What is required — Your reply should be the whole listing, copied exactly, with the pictures left out.

Material provided —
◆ ◆ ◆
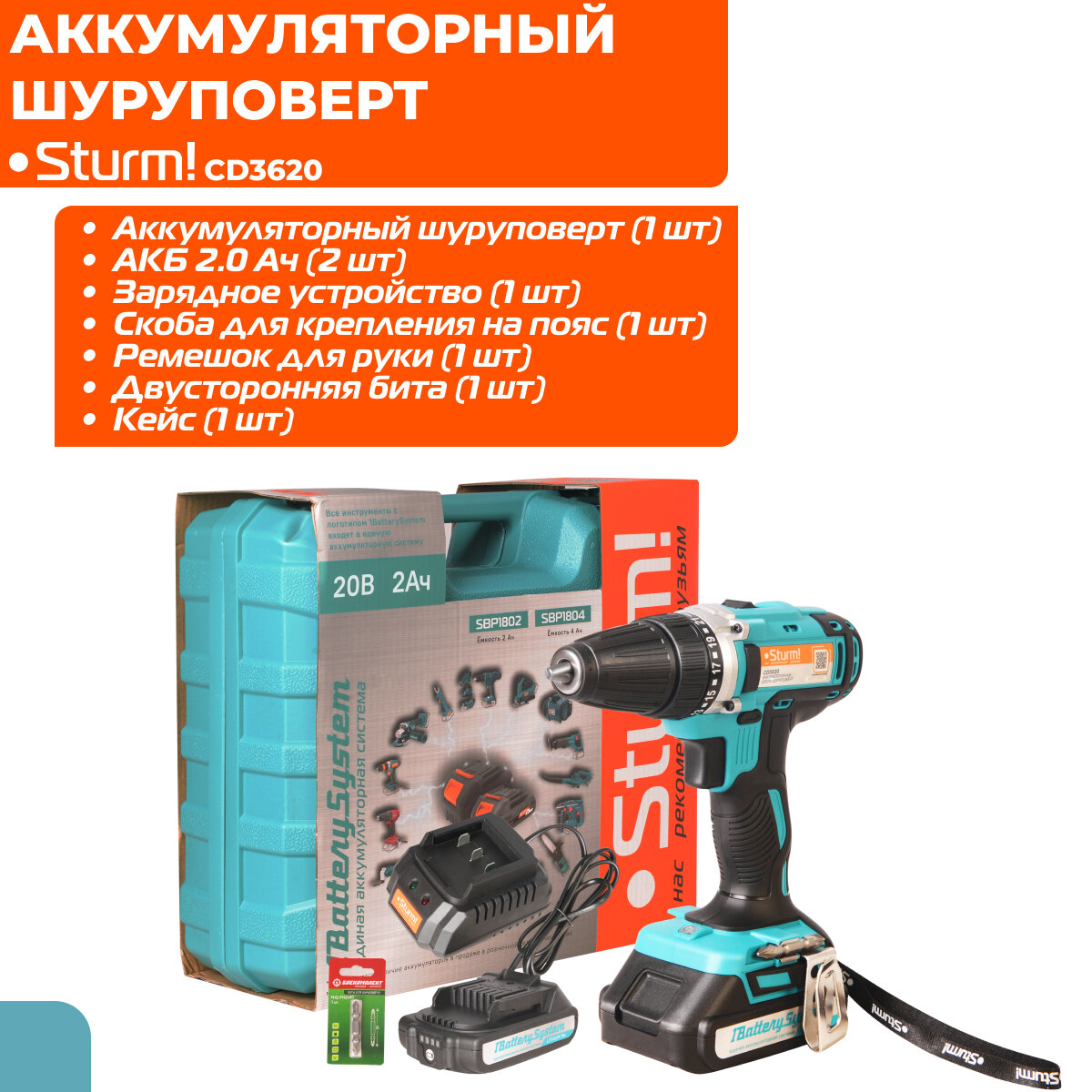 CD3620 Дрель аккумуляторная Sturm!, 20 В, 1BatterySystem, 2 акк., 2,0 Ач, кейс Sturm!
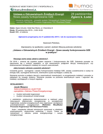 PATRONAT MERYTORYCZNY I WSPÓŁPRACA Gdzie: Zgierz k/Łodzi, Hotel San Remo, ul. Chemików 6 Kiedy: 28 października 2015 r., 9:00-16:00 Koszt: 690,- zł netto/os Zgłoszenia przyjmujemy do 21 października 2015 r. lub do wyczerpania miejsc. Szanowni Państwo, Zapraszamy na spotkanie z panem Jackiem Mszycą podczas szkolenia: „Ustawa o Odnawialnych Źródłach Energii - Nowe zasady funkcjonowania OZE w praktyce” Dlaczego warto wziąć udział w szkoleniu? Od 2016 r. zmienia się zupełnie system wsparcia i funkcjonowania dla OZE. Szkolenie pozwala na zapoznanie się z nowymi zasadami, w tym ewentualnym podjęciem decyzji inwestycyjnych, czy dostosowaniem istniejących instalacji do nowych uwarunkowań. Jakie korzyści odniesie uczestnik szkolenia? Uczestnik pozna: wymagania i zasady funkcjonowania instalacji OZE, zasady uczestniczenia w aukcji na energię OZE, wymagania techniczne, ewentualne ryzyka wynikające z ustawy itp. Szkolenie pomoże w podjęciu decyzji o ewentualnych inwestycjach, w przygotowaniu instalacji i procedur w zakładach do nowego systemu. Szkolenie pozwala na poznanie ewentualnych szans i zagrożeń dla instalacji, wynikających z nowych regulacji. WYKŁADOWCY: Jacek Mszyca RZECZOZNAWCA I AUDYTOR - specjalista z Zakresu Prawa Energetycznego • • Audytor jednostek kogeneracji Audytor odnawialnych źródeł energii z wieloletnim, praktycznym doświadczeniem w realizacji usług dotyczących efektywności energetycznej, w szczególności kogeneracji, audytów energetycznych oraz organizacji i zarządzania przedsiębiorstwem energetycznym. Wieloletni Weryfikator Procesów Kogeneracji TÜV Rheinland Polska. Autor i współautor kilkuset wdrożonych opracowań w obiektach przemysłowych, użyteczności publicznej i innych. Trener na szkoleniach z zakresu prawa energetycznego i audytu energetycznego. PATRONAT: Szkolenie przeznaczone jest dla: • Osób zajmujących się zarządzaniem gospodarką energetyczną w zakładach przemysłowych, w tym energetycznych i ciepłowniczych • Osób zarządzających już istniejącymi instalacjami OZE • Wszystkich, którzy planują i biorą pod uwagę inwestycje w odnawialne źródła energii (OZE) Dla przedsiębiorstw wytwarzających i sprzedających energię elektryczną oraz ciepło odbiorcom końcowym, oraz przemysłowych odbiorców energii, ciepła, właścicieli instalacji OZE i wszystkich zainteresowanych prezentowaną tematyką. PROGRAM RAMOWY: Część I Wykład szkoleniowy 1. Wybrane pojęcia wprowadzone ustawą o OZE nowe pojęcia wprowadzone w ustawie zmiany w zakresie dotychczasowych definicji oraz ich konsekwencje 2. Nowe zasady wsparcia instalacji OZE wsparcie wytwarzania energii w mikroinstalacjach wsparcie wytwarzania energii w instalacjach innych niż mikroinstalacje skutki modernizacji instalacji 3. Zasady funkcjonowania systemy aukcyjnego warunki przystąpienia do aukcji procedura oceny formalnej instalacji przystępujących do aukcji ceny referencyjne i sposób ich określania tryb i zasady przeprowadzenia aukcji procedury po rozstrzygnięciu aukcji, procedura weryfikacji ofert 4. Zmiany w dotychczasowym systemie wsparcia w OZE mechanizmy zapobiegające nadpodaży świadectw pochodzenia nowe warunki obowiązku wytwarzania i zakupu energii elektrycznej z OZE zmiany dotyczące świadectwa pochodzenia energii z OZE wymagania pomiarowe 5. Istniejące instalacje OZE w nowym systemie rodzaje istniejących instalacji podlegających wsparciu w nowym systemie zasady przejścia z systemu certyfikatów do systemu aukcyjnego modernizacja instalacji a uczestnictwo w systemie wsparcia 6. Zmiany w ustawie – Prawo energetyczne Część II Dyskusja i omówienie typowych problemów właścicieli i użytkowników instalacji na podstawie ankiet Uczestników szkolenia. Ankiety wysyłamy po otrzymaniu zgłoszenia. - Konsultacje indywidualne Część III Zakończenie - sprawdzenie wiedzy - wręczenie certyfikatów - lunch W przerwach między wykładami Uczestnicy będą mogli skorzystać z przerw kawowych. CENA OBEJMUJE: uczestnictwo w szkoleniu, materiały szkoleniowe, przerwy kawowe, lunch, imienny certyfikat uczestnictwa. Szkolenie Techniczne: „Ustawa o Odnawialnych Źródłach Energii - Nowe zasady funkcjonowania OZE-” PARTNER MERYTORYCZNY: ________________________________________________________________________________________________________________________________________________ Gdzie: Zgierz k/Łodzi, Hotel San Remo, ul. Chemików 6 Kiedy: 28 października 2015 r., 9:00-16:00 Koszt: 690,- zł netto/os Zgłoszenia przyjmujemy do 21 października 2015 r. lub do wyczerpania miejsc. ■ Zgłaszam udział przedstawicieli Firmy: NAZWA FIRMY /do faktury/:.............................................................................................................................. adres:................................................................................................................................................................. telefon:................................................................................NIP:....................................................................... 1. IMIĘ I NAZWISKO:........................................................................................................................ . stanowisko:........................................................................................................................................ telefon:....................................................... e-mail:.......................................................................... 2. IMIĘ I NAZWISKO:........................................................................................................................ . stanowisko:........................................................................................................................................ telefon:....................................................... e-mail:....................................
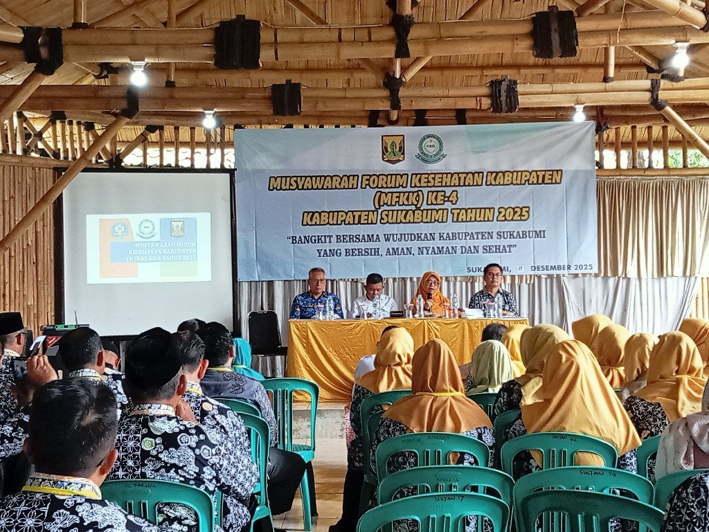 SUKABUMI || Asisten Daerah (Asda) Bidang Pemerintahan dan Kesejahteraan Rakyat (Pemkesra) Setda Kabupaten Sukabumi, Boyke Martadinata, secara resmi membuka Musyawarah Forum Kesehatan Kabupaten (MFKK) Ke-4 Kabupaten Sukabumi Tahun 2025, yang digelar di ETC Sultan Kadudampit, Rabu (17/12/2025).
◆ ◆ ◆
Solved exercise —
 CD3620 Дрель аккумуляторная Sturm!, 20 В, 1BatterySystem, 2 акк., 2,0 Ач, кейс Sturm!
 PATRONAT MERYTORYCZNY I WSPÓŁPRACA Gdzie: Zgierz k/Łodzi, Hotel San Remo, ul. Chemików 6 Kiedy: 28 października 2015 r., 9:00-16:00 Koszt: 690,- zł netto/os Zgłoszenia przyjmujemy do 21 października 2015 r. lub do wyczerpania miejsc. Szanowni Państwo, Zapraszamy na spotkanie z panem Jackiem Mszycą podczas szkolenia: „Ustawa o Odnawialnych Źródłach Energii - Nowe zasady funkcjonowania OZE w praktyce” Dlaczego warto wziąć udział w szkoleniu? Od 2016 r. zmienia się zupełnie system wsparcia i funkcjonowania dla OZE. Szkolenie pozwala na zapoznanie się z nowymi zasadami, w tym ewentualnym podjęciem decyzji inwestycyjnych, czy dostosowaniem istniejących instalacji do nowych uwarunkowań. Jakie korzyści odniesie uczestnik szkolenia? Uczestnik pozna: wymagania i zasady funkcjonowania instalacji OZE, zasady uczestniczenia w aukcji na energię OZE, wymagania techniczne, ewentualne ryzyka wynikające z ustawy itp. Szkolenie pomoże w podjęciu decyzji o ewentualnych inwestycjach, w przygotowaniu instalacji i procedur w zakładach do nowego systemu. Szkolenie pozwala na poznanie ewentualnych szans i zagrożeń dla instalacji, wynikających z nowych regulacji. WYKŁADOWCY: Jacek Mszyca RZECZOZNAWCA I AUDYTOR - specjalista z Zakresu Prawa Energetycznego • • Audytor jednostek kogeneracji Audytor odnawialnych źródeł energii z wieloletnim, praktycznym doświadczeniem w realizacji usług dotyczących efektywności energetycznej, w szczególności kogeneracji, audytów energetycznych oraz organizacji i zarządzania przedsiębiorstwem energetycznym. Wieloletni Weryfikator Procesów Kogeneracji TÜV Rheinland Polska. Autor i współautor kilkuset wdrożonych opracowań w obiektach przemysłowych, użyteczności publicznej i innych. Trener na szkoleniach z zakresu prawa energetycznego i audytu energetycznego. PATRONAT: Szkolenie przeznaczone jest dla: • Osób zajmujących się zarządzaniem gospodarką energetyczną w zakładach przemysłowych, w tym energetycznych i ciepłowniczych • Osób zarządzających już istniejącymi instalacjami OZE • Wszystkich, którzy planują i biorą pod uwagę inwestycje w odnawialne źródła energii (OZE) Dla przedsiębiorstw wytwarzających i sprzedających energię elektryczną oraz ciepło odbiorcom końcowym, oraz przemysłowych odbiorców energii, ciepła, właścicieli instalacji OZE i wszystkich zainteresowanych prezentowaną tematyką. PROGRAM RAMOWY: Część I Wykład szkoleniowy 1. Wybrane pojęcia wprowadzone ustawą o OZE nowe pojęcia wprowadzone w ustawie zmiany w zakresie dotychczasowych definicji oraz ich konsekwencje 2. Nowe zasady wsparcia instalacji OZE wsparcie wytwarzania energii w mikroinstalacjach wsparcie wytwarzania energii w instalacjach innych niż mikroinstalacje skutki modernizacji instalacji 3. Zasady funkcjonowania systemy aukcyjnego warunki przystąpienia do aukcji procedura oceny formalnej instalacji przystępujących do aukcji ceny referencyjne i sposób ich określania tryb i zasady przeprowadzenia aukcji procedury po rozstrzygnięciu aukcji, procedura weryfikacji ofert 4. Zmiany w dotychczasowym systemie wsparcia w OZE mechanizmy zapobiegające nadpodaży świadectw pochodzenia nowe warunki obowiązku wytwarzania i zakupu energii elektrycznej z OZE zmiany dotyczące świadectwa pochodzenia energii z OZE wymagania pomiarowe 5. Istniejące instalacje OZE w nowym systemie rodzaje istniejących instalacji podlegających wsparciu w nowym systemie zasady przejścia z systemu certyfikatów do systemu aukcyjnego modernizacja instalacji a uczestnictwo w systemie wsparcia 6. Zmiany w ustawie – Prawo energetyczne Część II Dyskusja i omówienie typowych problemów właścicieli i użytkowników instalacji na podstawie ankiet Uczestników szkolenia. Ankiety wysyłamy po otrzymaniu zgłoszenia. - Konsultacje indywidualne Część III Zakończenie - sprawdzenie wiedzy - wręczenie certyfikatów - lunch W przerwach między wykładami Uczestnicy będą mogli skorzystać z przerw kawowych. CENA OBEJMUJE: uczestnictwo w szkoleniu, materiały szkoleniowe, przerwy kawowe, lunch, imienny certyfikat uczestnictwa. Szkolenie Techniczne: „Ustawa o Odnawialnych Źródłach Energii - Nowe zasady funkcjonowania OZE-” PARTNER MERYTORYCZNY: ________________________________________________________________________________________________________________________________________________ Gdzie: Zgierz k/Łodzi, Hotel San Remo, ul. Chemików 6 Kiedy: 28 października 2015 r., 9:00-16:00 Koszt: 690,- zł netto/os Zgłoszenia przyjmujemy do 21 października 2015 r. lub do wyczerpania miejsc. ■ Zgłaszam udział przedstawicieli Firmy: NAZWA FIRMY /do faktury/:.............................................................................................................................. adres:................................................................................................................................................................. telefon:................................................................................NIP:....................................................................... 1. IMIĘ I NAZWISKO:........................................................................................................................ . stanowisko:........................................................................................................................................ telefon:....................................................... e-mail:.......................................................................... 2. IMIĘ I NAZWISKO:........................................................................................................................ . stanowisko:........................................................................................................................................ telefon:....................................................... e-mail:....................................
 SUKABUMI || Asisten Daerah (Asda) Bidang Pemerintahan dan Kesejahteraan Rakyat (Pemkesra) Setda Kabupaten Sukabumi, Boyke Martadinata, secara resmi membuka Musyawarah Forum Kesehatan Kabupaten (MFKK) Ke-4 Kabupaten Sukabumi Tahun 2025, yang digelar di ETC Sultan Kadudampit, Rabu (17/12/2025).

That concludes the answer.